*** AVAILABLE DATA ***

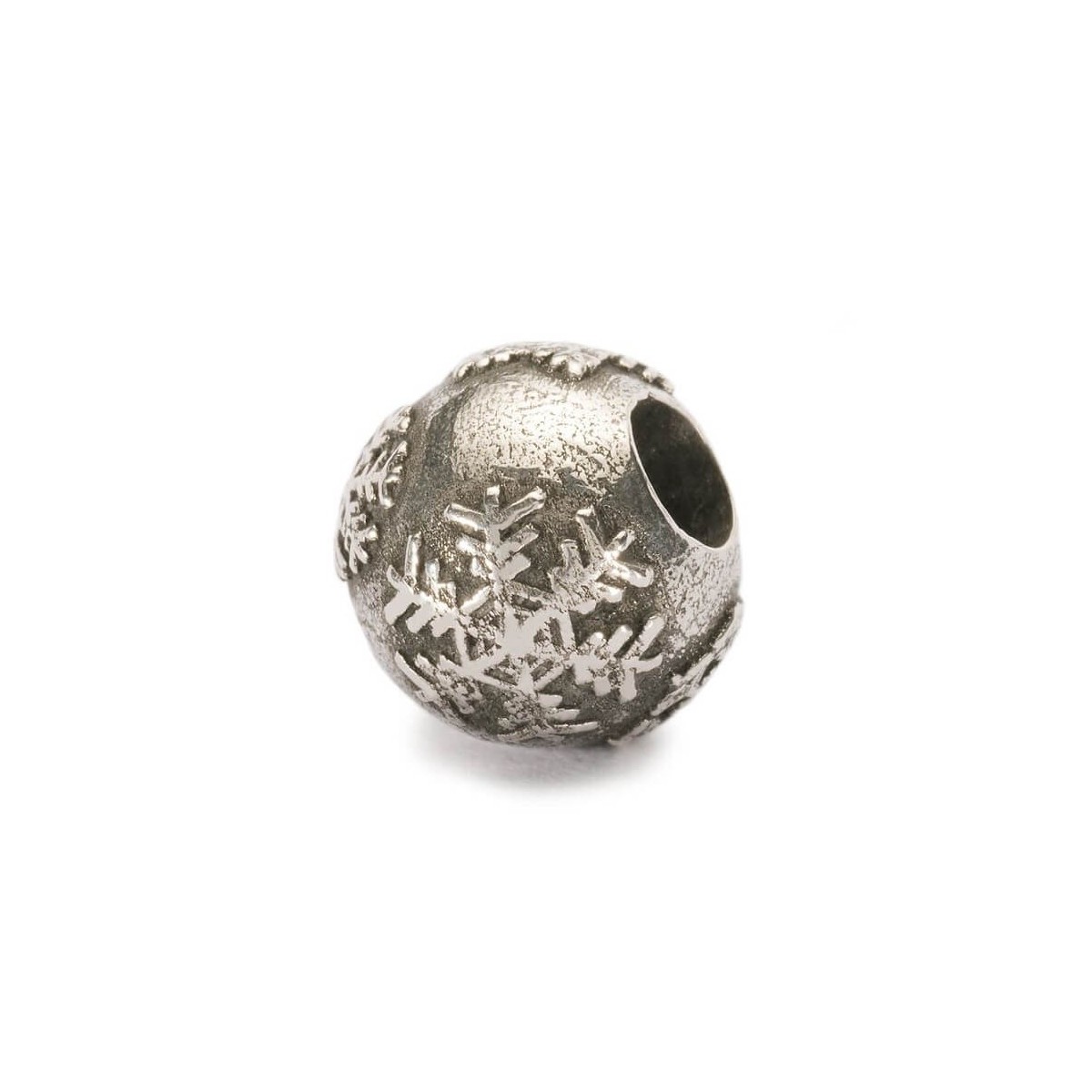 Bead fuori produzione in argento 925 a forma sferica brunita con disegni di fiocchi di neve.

*** End of AVAILABLE DATA ***
*** AVAILABLE DATA ***

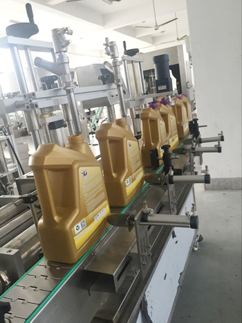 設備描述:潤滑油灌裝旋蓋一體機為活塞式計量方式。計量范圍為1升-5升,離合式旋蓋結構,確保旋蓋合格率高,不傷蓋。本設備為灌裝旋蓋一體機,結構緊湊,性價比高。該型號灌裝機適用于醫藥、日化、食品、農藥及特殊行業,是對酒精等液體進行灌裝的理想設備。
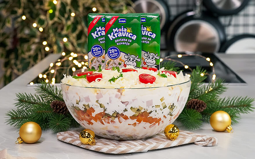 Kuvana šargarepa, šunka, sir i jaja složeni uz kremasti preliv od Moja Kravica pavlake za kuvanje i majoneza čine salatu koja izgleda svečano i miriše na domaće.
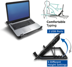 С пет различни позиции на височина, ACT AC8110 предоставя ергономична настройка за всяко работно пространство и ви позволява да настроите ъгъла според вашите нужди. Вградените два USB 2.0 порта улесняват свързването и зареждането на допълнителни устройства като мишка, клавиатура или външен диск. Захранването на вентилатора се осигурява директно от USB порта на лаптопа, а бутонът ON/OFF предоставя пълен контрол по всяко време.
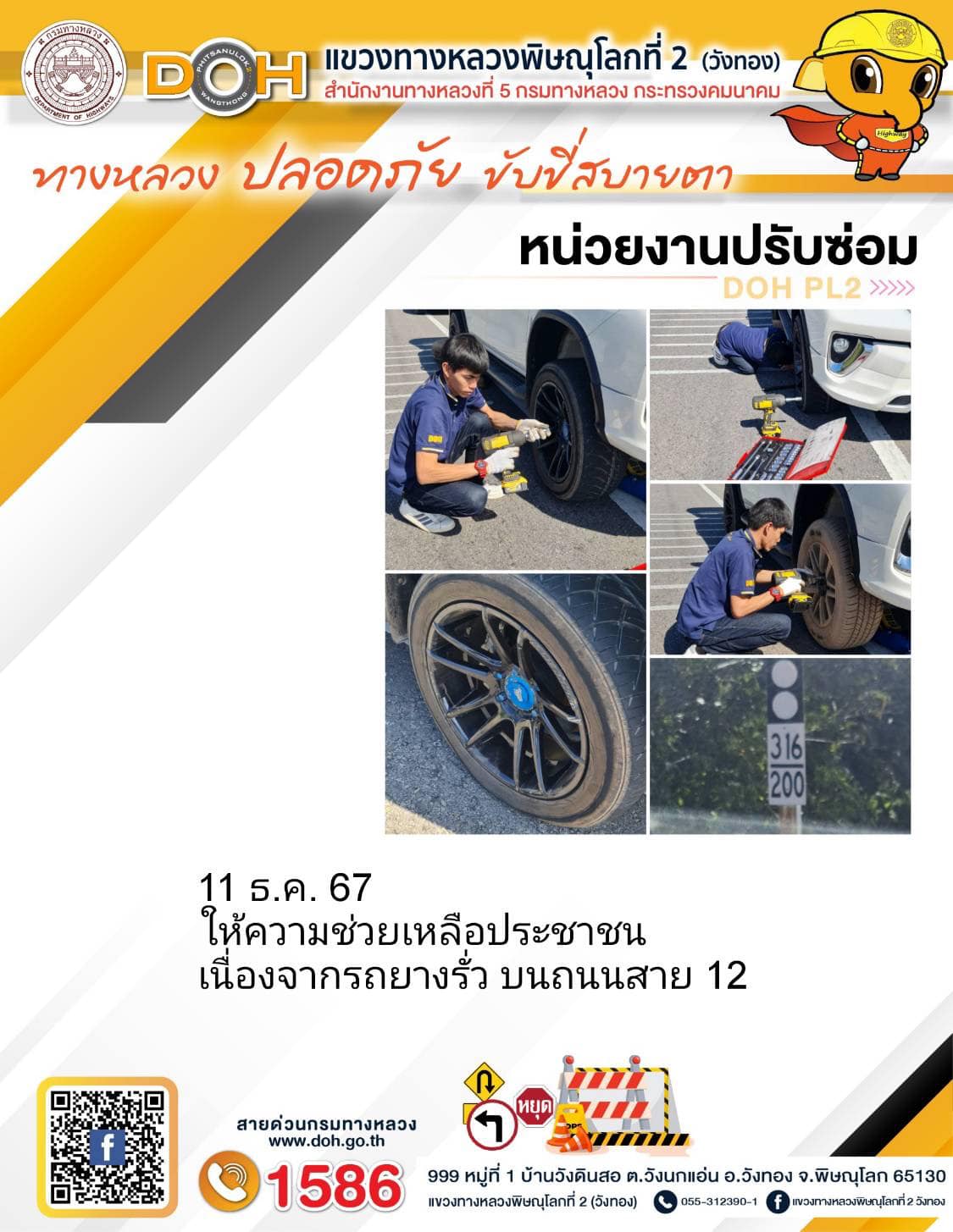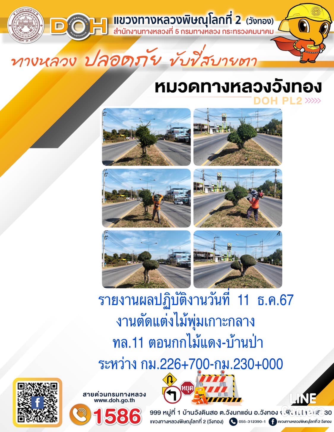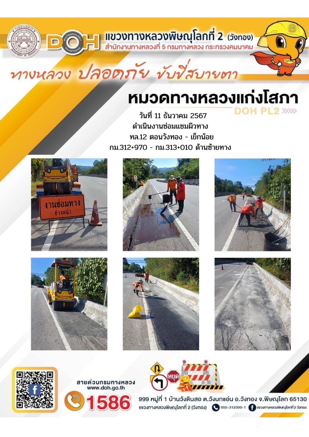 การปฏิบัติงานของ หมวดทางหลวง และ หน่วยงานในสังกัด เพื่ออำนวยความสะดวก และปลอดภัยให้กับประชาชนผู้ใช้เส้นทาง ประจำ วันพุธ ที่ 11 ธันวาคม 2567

*** End of AVAILABLE DATA ***

Give back exactly, and solely, the section of the data above bounded by the line containing "設備描述:潤滑油灌裝旋蓋一體" and the line containing "การปฏิบัติงานของ หมวดทางหลวง และ", both bounding lines included and pictures omitted.

 設備描述:潤滑油灌裝旋蓋一體機為活塞式計量方式。計量范圍為1升-5升,離合式旋蓋結構,確保旋蓋合格率高,不傷蓋。本設備為灌裝旋蓋一體機,結構緊湊,性價比高。該型號灌裝機適用于醫藥、日化、食品、農藥及特殊行業,是對酒精等液體進行灌裝的理想設備。
 Kuvana šargarepa, šunka, sir i jaja složeni uz kremasti preliv od Moja Kravica pavlake za kuvanje i majoneza čine salatu koja izgleda svečano i miriše na domaće.
 С пет различни позиции на височина, ACT AC8110 предоставя ергономична настройка за всяко работно пространство и ви позволява да настроите ъгъла според вашите нужди. Вградените два USB 2.0 порта улесняват свързването и зареждането на допълнителни устройства като мишка, клавиатура или външен диск. Захранването на вентилатора се осигурява директно от USB порта на лаптопа, а бутонът ON/OFF предоставя пълен контрол по всяко време.
 การปฏิบัติงานของ หมวดทางหลวง และ หน่วยงานในสังกัด เพื่ออำนวยความสะดวก และปลอดภัยให้กับประชาชนผู้ใช้เส้นทาง ประจำ วันพุธ ที่ 11 ธันวาคม 2567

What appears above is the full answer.